In West Valley City, for instance, only one of 76 officers did not receive some overtime pay in 2004. Most took in thousands in overtime and four made more than $10,000 in extra-hours work.

But Salt Lake City, the king of salaries, is also the king of overtime and part-time employment. One Salt Lake City police officer pulled in $15,000 in overtime in 2004. A total of 27 Salt Lake City officers added at least $10,000 of overtime to their paychecks last year, with the pay coming from working federal task forces, extra shifts and testifying in court.

Salt Lake City, which employs 380 officers and sergeants, also coordinates part-time employment paying at least $20 an hour for officers wishing to supplement their income in the private sector. And officers often set up other public safety-related side jobs, such as providing security at the Delta Center. They are not required to disclose publicly how much they make.

In one extreme case last year, one Salt Lake City officer who makes $47,000 annually also got paid $10,000 in overtime and $21,000 for part-time work at University of Utah special events — for a total of $78,000. The same officer is listed in Utah Department of Commerce records as the director of an Orem-based development company.
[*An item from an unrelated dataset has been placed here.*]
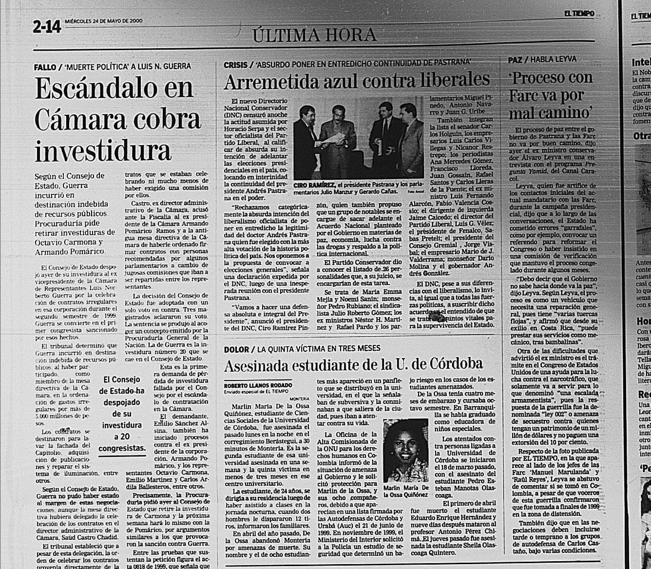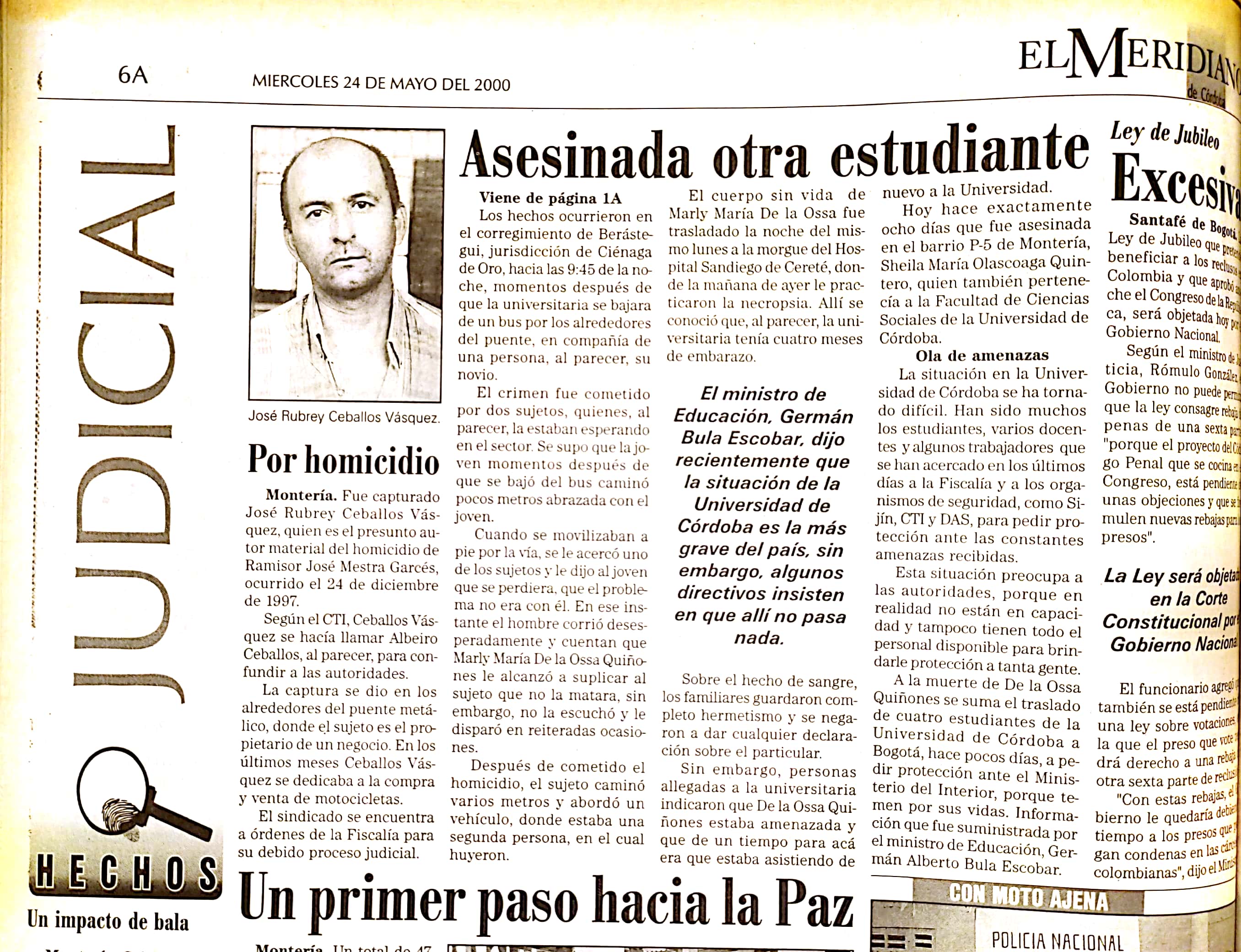 Asesinato de Marlys de la Ossa Quiñónez, estudiante de Ciencias Sociales quien se encontraba embarazada cuando la mataron. Meses antes del asesinato, el nombre de Marlys había aparecido en un panfleto donde amenazaban a los estudiantes acusándolos de subversivos.

Firefighters do not generally make as much in overtime, though extra hours are not hard to find. In Midvale, for instance, none of the city's 31 firefighters earned less than $1,800 in overtime last year — and several made more than $5,000. Most also report working extra jobs during their extended off hours.

Firefighters and police officers say these additions to their paycheck are vital to keeping them financially afloat, but for many of them, the supplemental income allows "a lifestyle of comfort," says Salt Lake City Police Chief Rick Dinse.

But things are not always comfortable.

South Salt Lake Fire Capt. Lane Schoenfeld generally shrugs off the good-natured ribbing he gets from his darker-uniformed counterparts at Station 43, where Unified Fire Authority pay stubs are sometimes left in plain sight — just as an extra reminder.

"That's not what reminds me, though," says Schoenfeld. "What reminds me is every time I walk into the door of my part-time job."

Schoenfeld, a large, balding man with a bushy red mustache, moonlights as a plumber at an area hospital. His annual firefighter salary falls more than $11,000 below that of the Unified Fire Authority's lowest-paid captain — and is $9,000 less than the average countywide.

But when the alarm sounds, Schoenfeld will put in the same effort as his associates.

All shades of blue look the same when lives are on the line. Only the green differs.